11. The force myograph system of claim 1, further comprising a controller operable to receive the output of the surface acoustic wave sensor and provide an indication of torque provided by the muscle.
12. The force myography system of claim 11, further comprising a wireless transmitter connected to the SMA connector and operable to transmit the output of the surface acoustic wave sensor wirelessly to the controller.
13. The force myography system of claim 11, wherein the controller is a processor provided in a mobile electronic device.
14. The force myography system of claim 11, wherein the controller is a computer system connected to a communications network.
15. The force myography system of claim 11, wherein the controller implements a 2D polynomial model to provide an estimate of torque provided by the muscle.
16. The force myography system of claim 11, further comprising memory operably connected to the controller and configured to store the output of the surface acoustic wave sensor.

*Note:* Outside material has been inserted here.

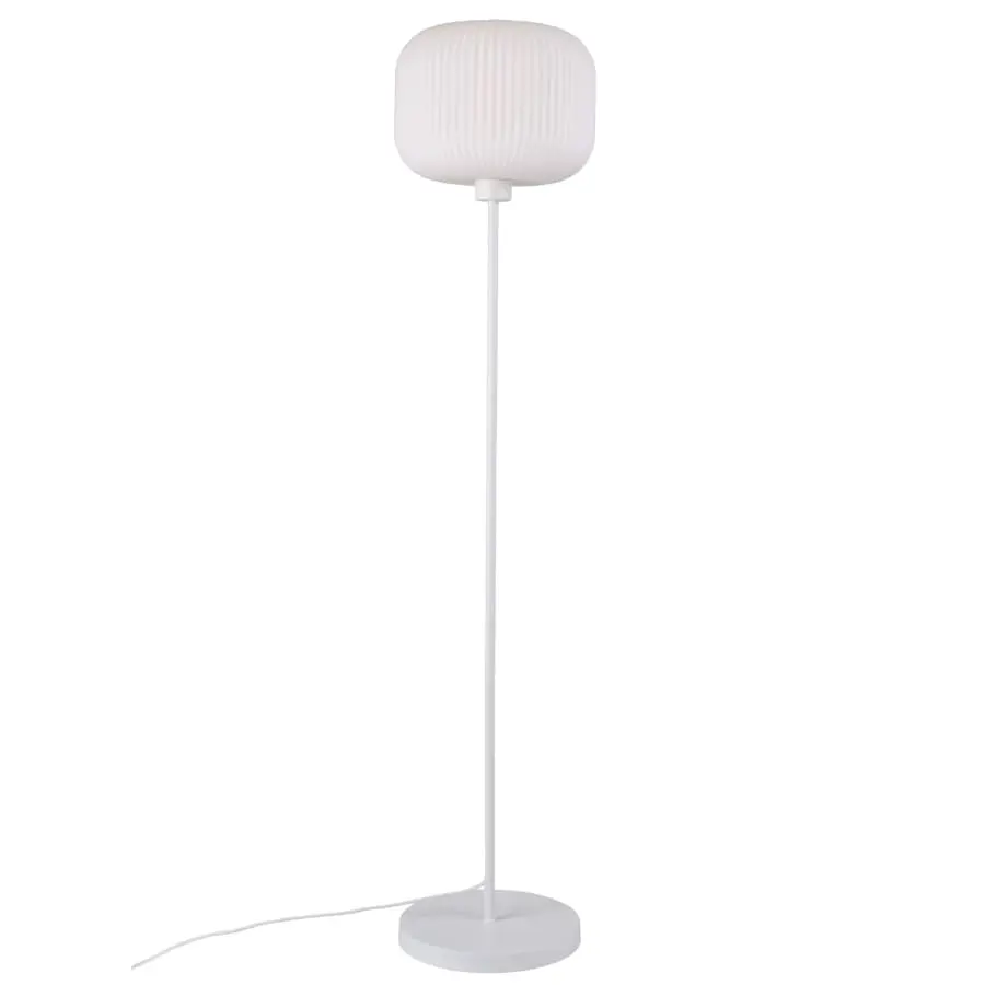 En vacker golvlampa av vit metall och räfflat opalvitt glas, som skapar ett mjukt, stämningsfullt ljus i rummet. Lampans höjd är 139,4 cm och diametern på skärmen är 30 cm. Basen är 28 cm i diameter.

17. The force myography system of claim 16, wherein the memory further comprises controller executable code that when executed by the controller implements a 2D polynomial model to provide the indication of torque provided by the model based on at least the output of the surface acoustic wave sensor.
18. The force myography system of claim 17, wherein the indication of torque and the output of the surface acoustic wave sensor are stored in the memory.
19. The force myography system of claim 17, wherein the controller is operably connected to a display and displays the estimate of torque and the output of the surface acoustic wave sensor.